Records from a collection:
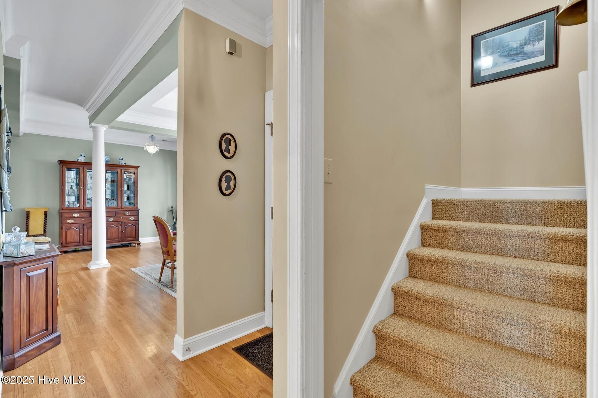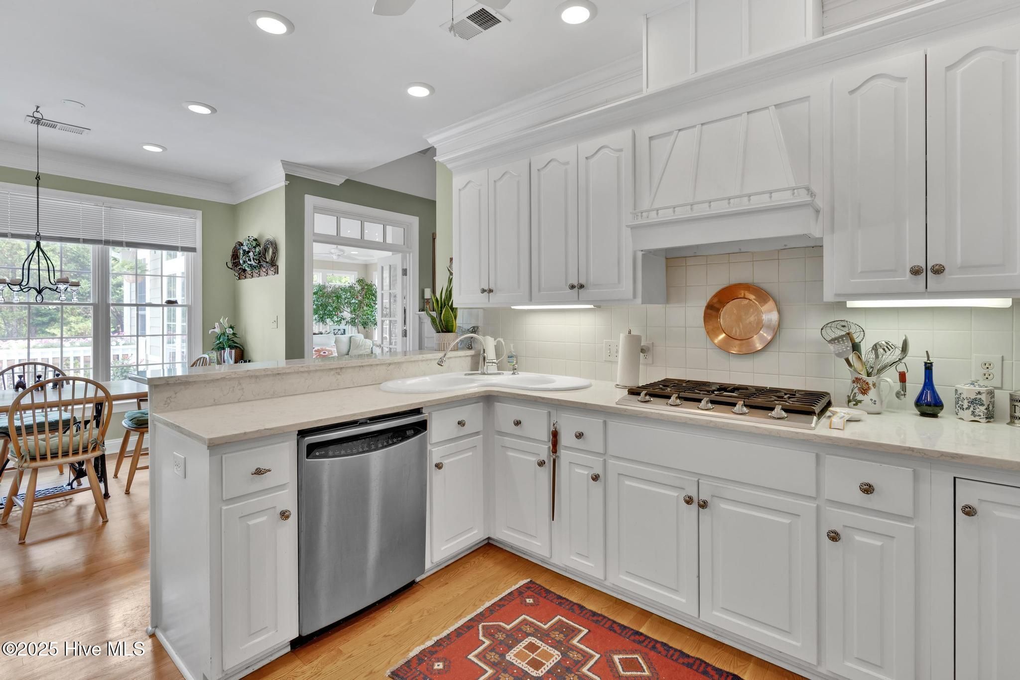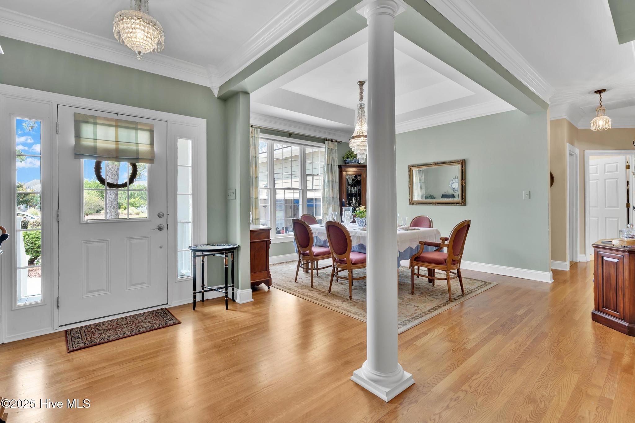 PRICE REDUCED! Discover exceptional value at 2856 Trailwood Drive—an elegant 4-bedroom, 3-bath home nestled in the amenity-rich, gated community of St. James Plantation. This beautifully maintained residence offers timeless curb appeal with manicured landscaping, mature trees, and a welcoming front porch. Inside, you'll find a spacious, light-filled layout featuring hardwood floors, crown molding, tray ceilings, and decorative columns. The formal dining room sets the stage for memorable gatherings, while the recently updated kitchen showcases Viatera Quartz countertops, a 5-burner gourmet gas cooktop, stainless appliances including a combo microwave and self-cleaning oven, crisp white cabinetry, and abundant storage. Natural light pours into the cheerful breakfast nook overlooking the landscaped backyard. A sunroom with beadboard ceiling and walls of windows opens to the back deck—ideal for al fresco dining or quiet mornings surrounded by nature. The vaulted living room centers around a see-through gas fireplace shared with the sunroom. The primary suite offers deck access, a large walk-in closet, and a spa-like ensuite. A finished room over the garage serves as a private fourth bedroom with full bath. On an oversized lot, this Certified Wildlife Habitat features a charming English garden attracting butterflies and bluebirds. The built-in gas line provides effortless grilling, and the oversized garage offers extra storage. As an extra bonus, the entire crawl space was recently cleaned out with all new encapsulation (see photo). Enjoy St. James' world-class amenities: four golf clubhouses, 81 holes of golf, tennis, pickleball, indoor and outdoor pools, fitness centers, marina, and the private Oak Island Beach Club. This home is a short walk to the marina, and its popular restaurant is open for breakfast, lunch, and dinner. With its reduced price, this home offers an unbeatable opportunity to enjoy the perfect blend of comfort, elegance, and coastal living.
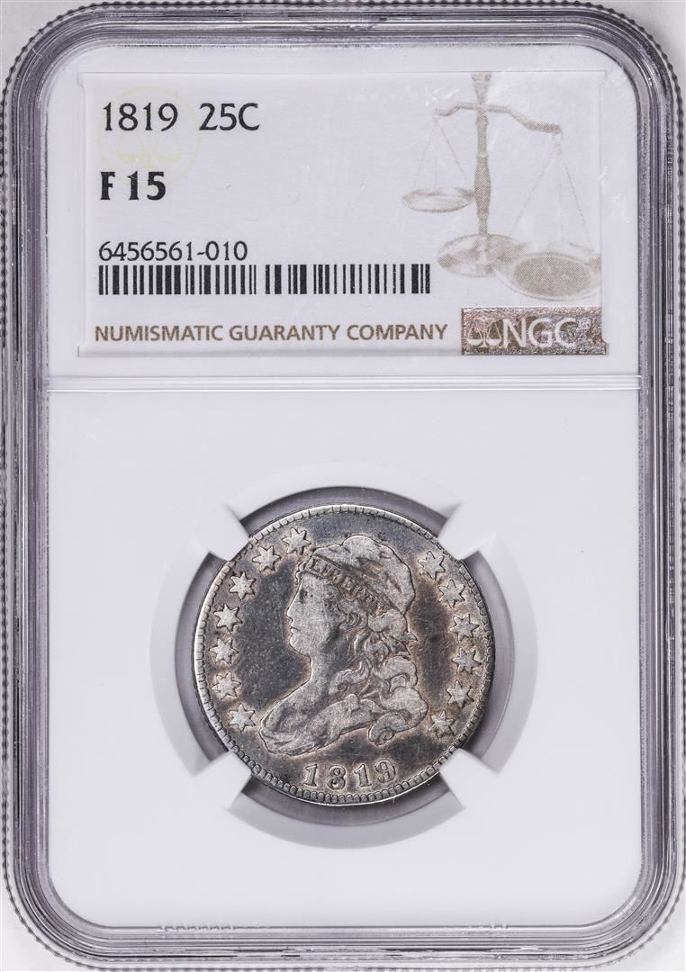 One 1819 Capped Bust Quarter Coin NGC F15. NGC Certified.
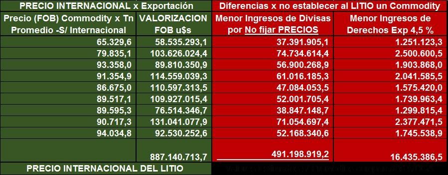 Dejando totalmente aclarado que la subfacturación que se detecte en todo el Territorio Nacional Argentino, la subfacturación se encuadra sobre el delito de evasión fiscal. Argentina, perdió, por no declarar al litio como un commodity unos u$s 1.447,8 millones y por la otra parte no se soluciona fijando los precios en la Bolsa de Hong Kong, si queremos desarrollar un país dónde se proteja la soberanía nacional.
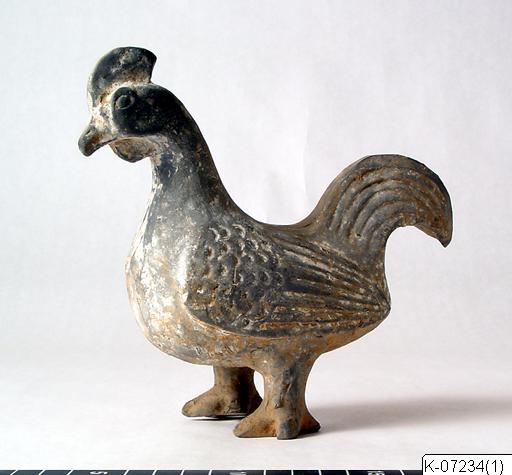 Figurin av lergods, gravgods, gestaltande en tupp. V Jin-dynastin, 265-317 e.Kr. Huai-flodens dalgång, Anhui-provinsen. Inköpt i Kina av O. Karlbeck före 1933, K-07234.
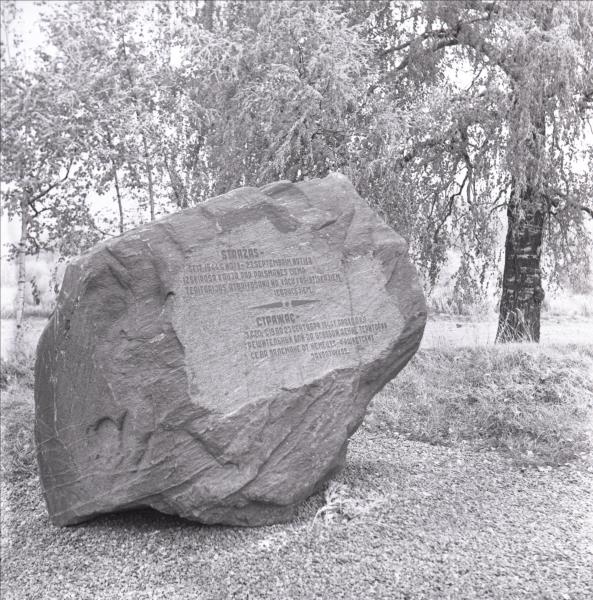 Piemiņas akmens Strožu (?) kaujas laukā:
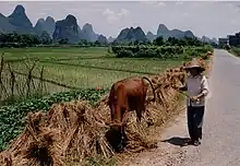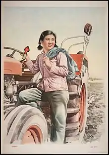 - Productivité : dans les années 1960, 80 % des Chinois travaillaient pour le secteur primaire[5]. Aujourd'hui, l'agriculture occupe encore une part importante de la population active. Un grand nombre d'exploitations familiales sont minuscules. Les fermes d'état existent toujours et participent à la politique de colonisation Han dans le Xinjiang ou en Mongolie-Intérieure[réf. nécessaire].
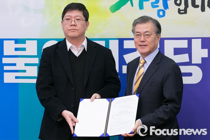(서울=포커스뉴스) 김대중 전 대통령의 삼남 김홍걸(왼쪽) 연세대 김대중 도서관 객원교수가 24일 오전 서울 여의도 국회 더불어민주당 당대표실에서 입당 기자회견을 마치고 문재인 대표와 기념사진을 찍고 있다.
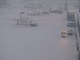 Odklízení nadměrného množství sněhu z letištních budov
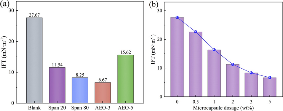 图11 油水界面张力测试图:(a)封装不同表面活性剂的微胶囊;(b)封装 AEO-3 的微胶囊
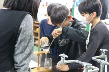 5年生理科「水溶液に溶けているものを取り出すには」の様子です。それぞれ班で仮説を立てながら実験に臨みます。今日は、濾過する・・・ということを学びました。
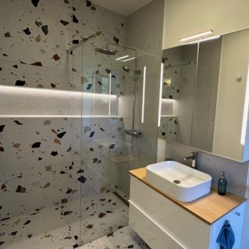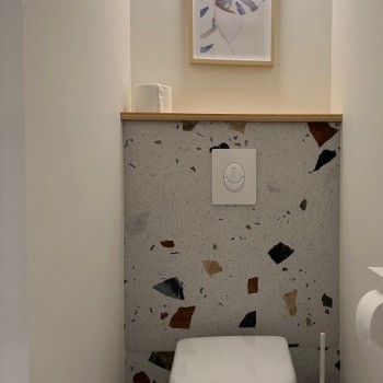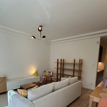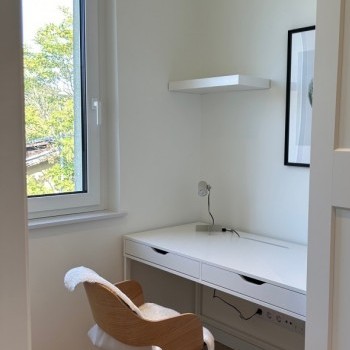 The southwest-facing living room is bright all day long and features an open-plan kitchen, creating a spacious yet well-separated living area. The terrace, accessible from the living room, faces the private garden of the building.
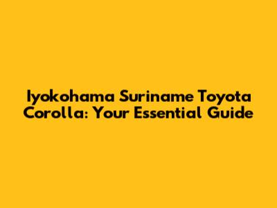 Iyokohama Suriname Toyota Corolla: Your Essential Guide
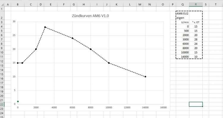 Nach OT zündet keine der Kurven, die schwarze Linie ist der originale ZZP bei meiner AET Zündung, dieser ist konstant bei 20° v OT
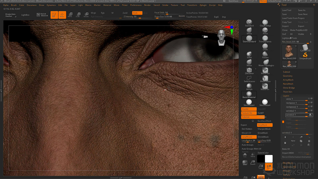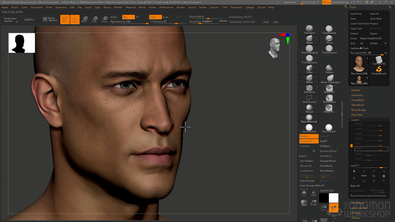 The 3D Scan Store Free Base Mesh and the 3D Scan Store HD Male Head 23 are utilized in this workshop. A .txt file containing links to the other resources that Colleen found helpful with her project is also provided as a project file.
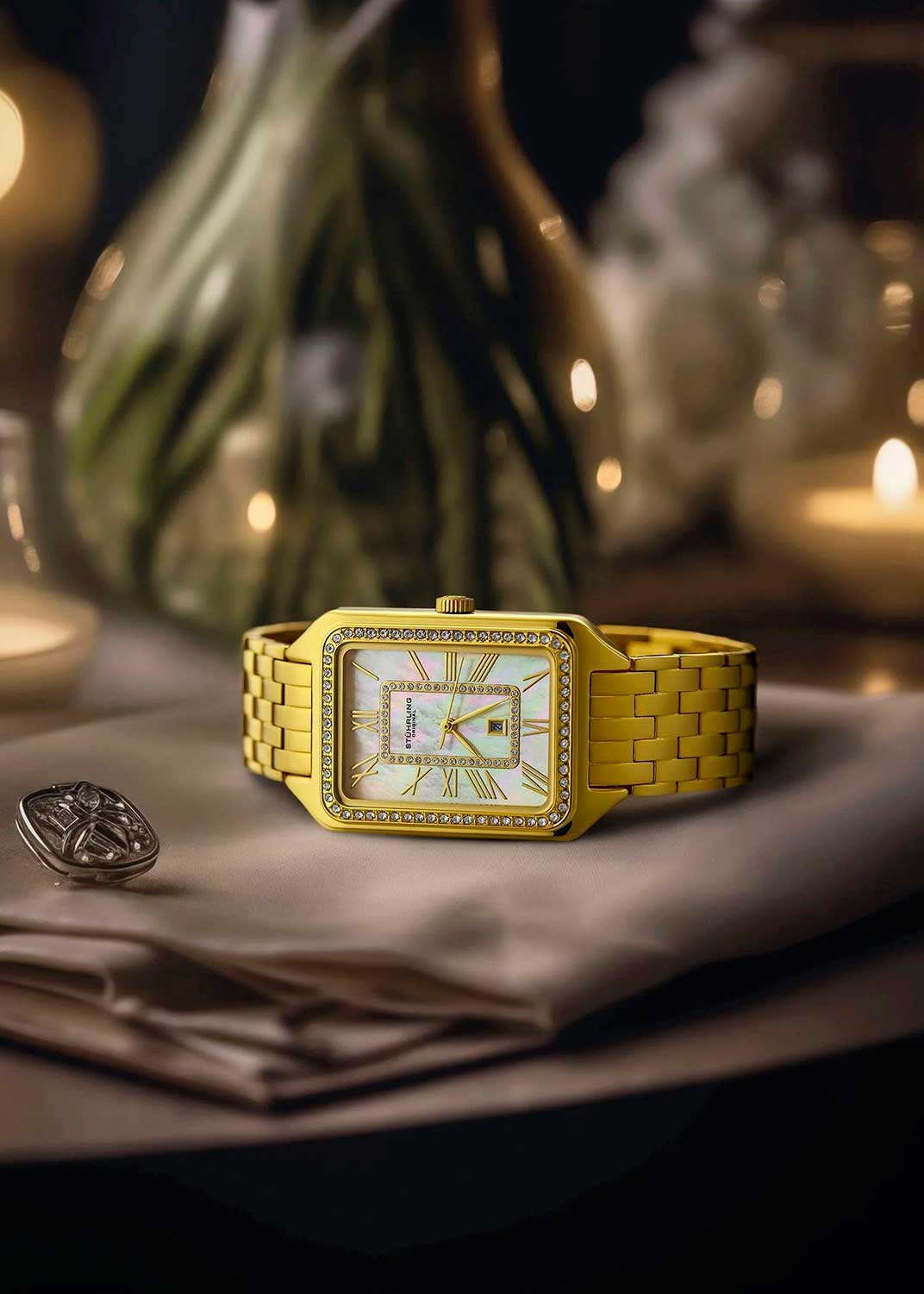 Кварцевые наручные женские часы. Прямоугольный полированный корпус инкрустирован кристаллами. Перламутровый циферблат с центральной частью, выделенной кристаллами, украшен логотипом бренда.
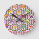 Este reloj de pared tiene un diseño moderno de mediados de siglo de cuerdas de círculos con ramos de flores en cada círculo.
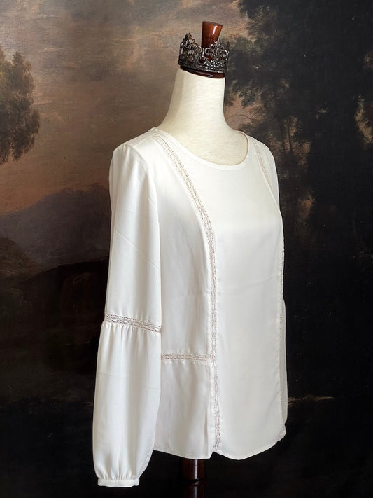 Historically Inspired Lace Inset Bishop Sleeve Blouse in Ivory - Size S-M
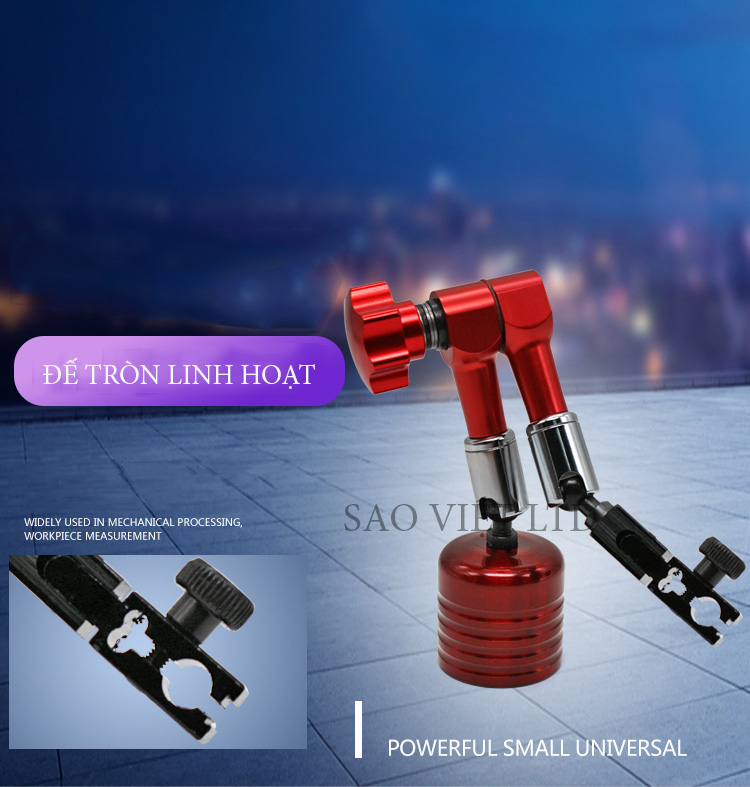 với 3 bậc tự do, khóa cơ ở trục giữa, Chuyên dụng cho những không gian khó định hướng. Thích ứng cho những phép đo biến đổi, vị trí và không gian đo đa chiều. Trụ của đế từ bằng hợp kim nhôm, chống mài mòn, khớp xoay vạn năng. Vít chỉnh mịn, núm xoay dễ cầm nắm và điều chỉnh tinh. Khối từ tính có lực từ mạnh, khóa đóng ngắt từ nhẹ. Núm xoay bằng nhựa cứng hoặc bằng nhôm.

* [What you will do]: Repeat, with no pictures, each line from the beginning of the data through the line containing "One 1819 Capped", inclusive.

* [Task answer]:
 PRICE REDUCED! Discover exceptional value at 2856 Trailwood Drive—an elegant 4-bedroom, 3-bath home nestled in the amenity-rich, gated community of St. James Plantation. This beautifully maintained residence offers timeless curb appeal with manicured landscaping, mature trees, and a welcoming front porch. Inside, you'll find a spacious, light-filled layout featuring hardwood floors, crown molding, tray ceilings, and decorative columns. The formal dining room sets the stage for memorable gatherings, while the recently updated kitchen showcases Viatera Quartz countertops, a 5-burner gourmet gas cooktop, stainless appliances including a combo microwave and self-cleaning oven, crisp white cabinetry, and abundant storage. Natural light pours into the cheerful breakfast nook overlooking the landscaped backyard. A sunroom with beadboard ceiling and walls of windows opens to the back deck—ideal for al fresco dining or quiet mornings surrounded by nature. The vaulted living room centers around a see-through gas fireplace shared with the sunroom. The primary suite offers deck access, a large walk-in closet, and a spa-like ensuite. A finished room over the garage serves as a private fourth bedroom with full bath. On an oversized lot, this Certified Wildlife Habitat features a charming English garden attracting butterflies and bluebirds. The built-in gas line provides effortless grilling, and the oversized garage offers extra storage. As an extra bonus, the entire crawl space was recently cleaned out with all new encapsulation (see photo). Enjoy St. James' world-class amenities: four golf clubhouses, 81 holes of golf, tennis, pickleball, indoor and outdoor pools, fitness centers, marina, and the private Oak Island Beach Club. This home is a short walk to the marina, and its popular restaurant is open for breakfast, lunch, and dinner. With its reduced price, this home offers an unbeatable opportunity to enjoy the perfect blend of comfort, elegance, and coastal living.
 One 1819 Capped Bust Quarter Coin NGC F15. NGC Certified.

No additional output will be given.